Dear Geant4 developers and community,
While simulating laser-driven neutron production via LWFA electrons on a tungsten target, I noticed a large discrepancy in neutron yield depending on which photonuclear cross-section model is used. This was already flagged by Khue et al. (arXiv:2405.05996) for deformed nuclei including ¹⁸⁶W, but the origin of the discrepancy was left as an open question. I have traced the data chain and would like to share my findings and ask for clarification.

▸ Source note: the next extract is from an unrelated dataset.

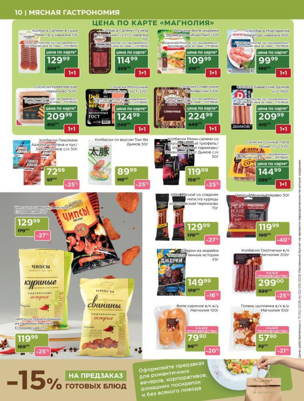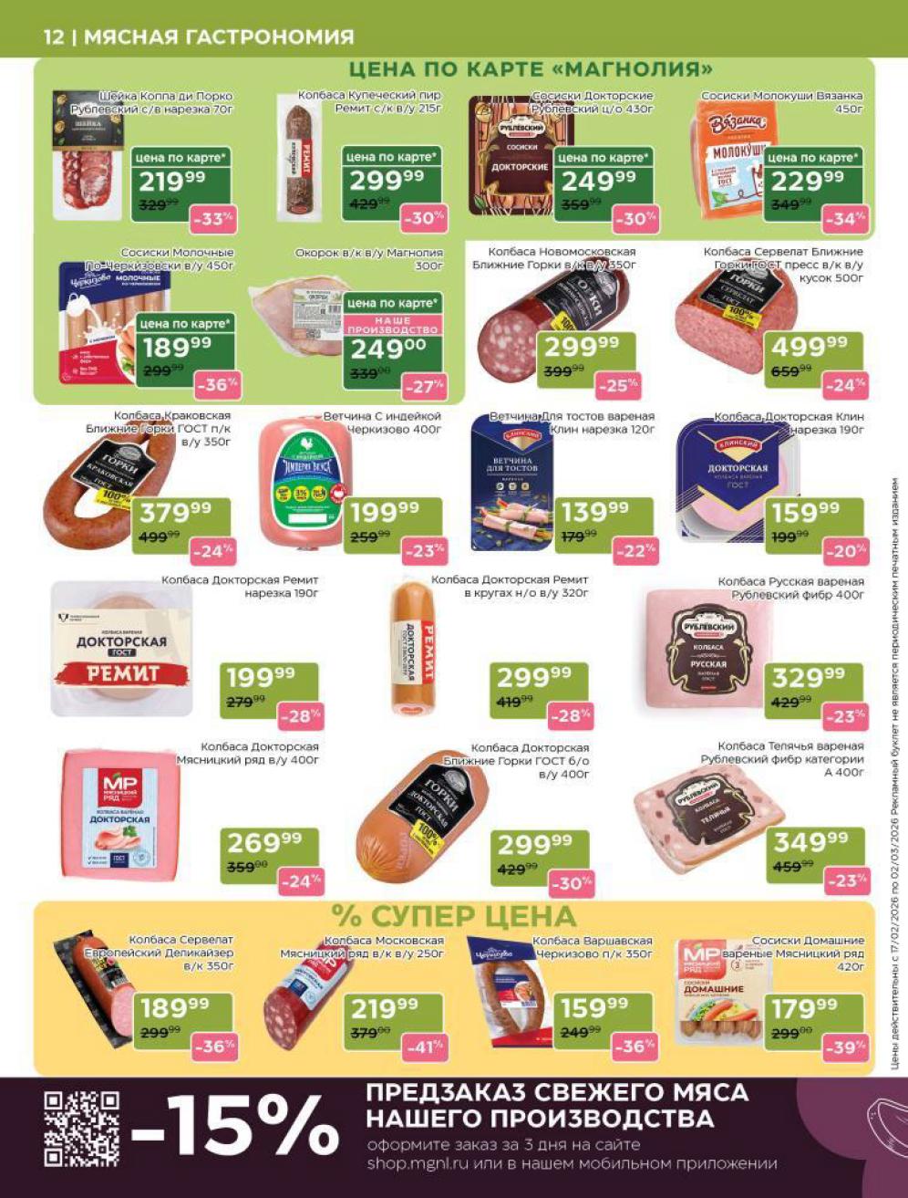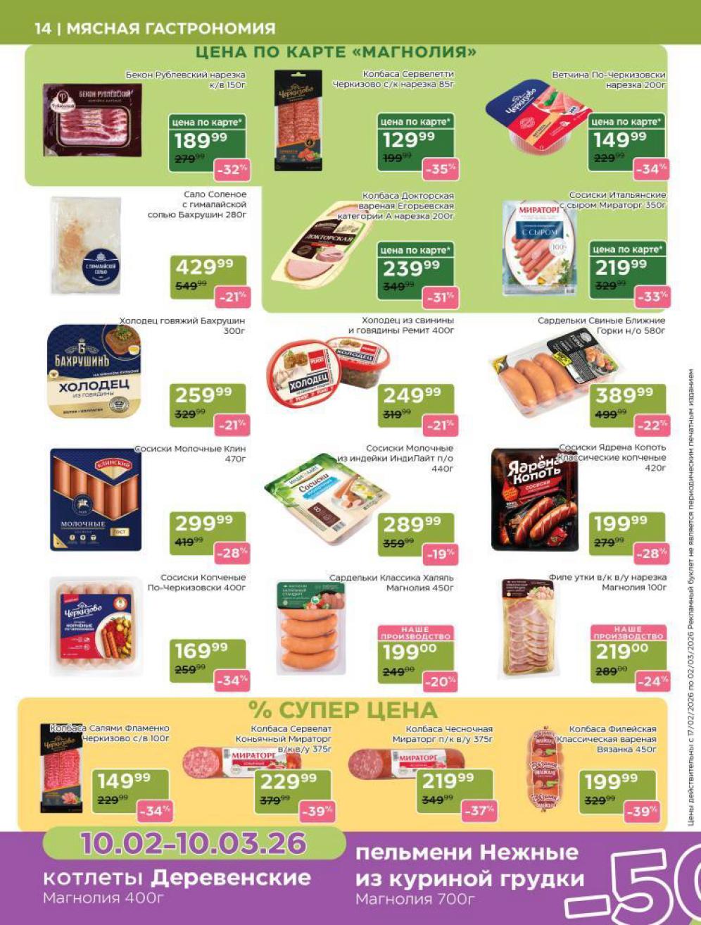 Каталог акций «Магнолия» — это ваш персональный навигатор в мире премиальных покупок с выгодой. Редакция моСкидка.ру ежедневно мониторит актуальные предложения сети супермаркетов представительского класса «Магнолия». В этом обзоре мы собрали лучшие скидки недели на продукцию собственного производства (свежая выпечка, кулинария, мясные деликатесы), сезонные предложения и эксклюзивные позиции для праздничного стола. Планируйте визит в магазин или заказ онлайн заранее, чтобы успеть купить гастрономические новинки по специальным ценам и воспользоваться промокодом MAGNOLIA на скидку 20% для первого заказа

Using QGSP_BIC_HP with Geant4 11.2.2 on a W target (same electron input spectrum), switching between G4GNXS and G4PNXS changes the total neutron yield by a factor ~3. The G4PNXS result is consistent with an independent SMILEI+FLUKA simulation.

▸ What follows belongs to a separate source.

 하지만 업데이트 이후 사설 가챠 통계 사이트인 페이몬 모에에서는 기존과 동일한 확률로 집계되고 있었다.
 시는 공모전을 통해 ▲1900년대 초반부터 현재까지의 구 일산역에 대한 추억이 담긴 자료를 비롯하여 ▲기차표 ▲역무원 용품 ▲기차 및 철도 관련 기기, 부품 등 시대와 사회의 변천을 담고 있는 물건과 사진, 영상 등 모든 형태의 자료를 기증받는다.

I compared three levels of the data pipeline at the GDR peak (~13–15 MeV):
| Source | σ peak (mb) | vs Berman 1969 |
|---|---|---|
| Berman et al. 1969 (experiment, ¹⁸⁶W) | ~170 | reference |
| w186_jendl.dat (IAEA/PD-1999, MT=5, raw) | ~430 | ×2.5 |
| G4PARTICLEXS4.0 / inel74_186 (×10²⁵ mm²→mb) | ~997 | ×5.9 |
| G4GNXS simulation output (W natural abundance) | ~512 | ×3.0 |
There is an additional ~×2.3 factor between the JENDL source data and the values stored in G4PARTICLEXS4.0/gamma/inel74_186.
My hypothesis is that this could originate from a double-counting of reaction channels during the ENDF-6 → Geant4 conversion (e.g. summing MT=5 and MT=201, or incorrect interpolation law handling). However, I am not familiar enough with the conversion pipeline to be certain.
Could the developers clarify: is this additional factor expected (e.g. a deliberate normalization), or does it suggest a bug in the data conversion for this isotope?
I am happy to share my comparison scripts and data files if useful. Thank you in advance for any clarification.
Best regards,
Eya Dammak (CEA-LIDYL / EPACE doctoral network, France)